Voglio liberarmi del peso dell’anonimato

Marco vuole superare il disagio di raccontarsi per quello che è, e per come sta affrontando la sclerosi multipla. Un peso di parole non dette e incertezze che molti ragazzi vivono tutti i giorni.

Ciao, sono Marco e ho 23 anni. Da più di tre anni convivo con la sclerosi multipla. Mi ha cambiato la vita, il modo di pensare, il modo di pormi rispetto alle altre persone.

Penso il doppio e dico la metà. Ho sviluppato una sensibilità che non sapevo di avere, allo stesso tempo però la nascondo con una freddezza e un distacco che danno l’impressione che io sia quasi insensibile a ciò che mi accade.

Voglio liberarmi di un peso, quello dell’anonimato. Quello che ti mette a disagio quando parli con qualcuno, che non sai mai cosa rispondere alle mille domande che ti vengono fatte sulle tue strane abitudini. Quello che ti blocca nelle relazioni perché ti chiedi se ha senso mettere in gioco le tue debolezze, se chi sta dall’altra parte è disposto a convivere con questa parte di te e se hai veramente voglia di obbligare qualcuno a conviverci.

Scrivo questo pensiero perché voglio raccontarmi una volta per tutte, sono stanco delle parole non dette e dei pensieri inespressi. Sono tutti pronti a giudicarti, sono pronti a dirti che quello che fai è sbagliato o che semplicemente crei un problema dove non c’è. Eppure io un problema ce l’ho, anche se non si vede, come tantissime altre persone.

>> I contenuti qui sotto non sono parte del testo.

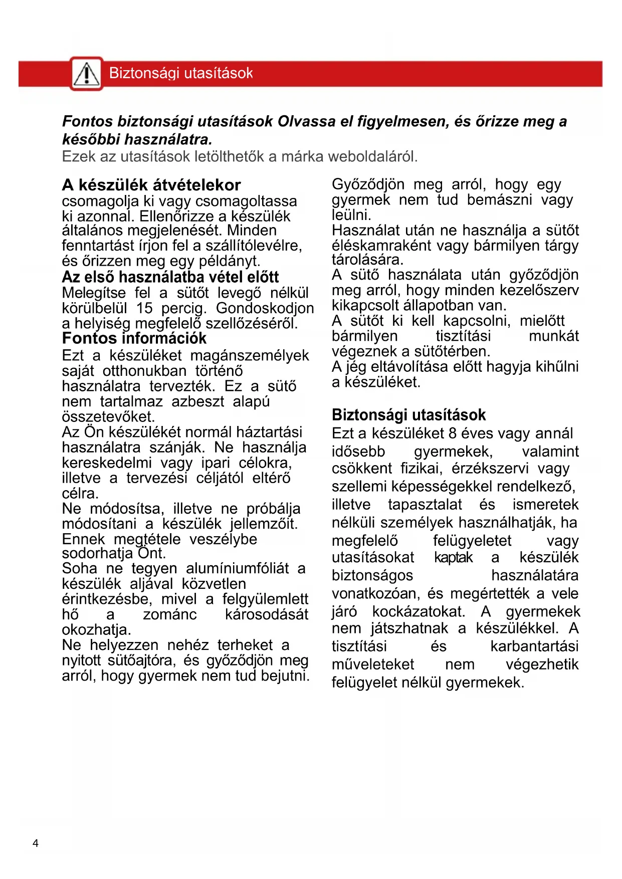 A készülék és a hozzáférhető részei használat közben felforrósodnak. Vigyázzon, hogy ne érintse meg a sütő belsejében lévő fűtőelemeket. A 8 év alatti gyermekeket távol kell tartani, kivéve, ha állandó felügyelet alatt állnak.

Mi mostro sempre per un qualcuno che non sono. Spesso sembro superficiale, quasi banale. Non riesco a fidarmi delle persone, è un meccanismo di autodifesa che mi ha reso introverso. Avrei così tante cose da dire, ma mi chiedo se ci sia veramente qualcuno disposto a mettersi a nudo di fronte all’intimità dei miei pensieri.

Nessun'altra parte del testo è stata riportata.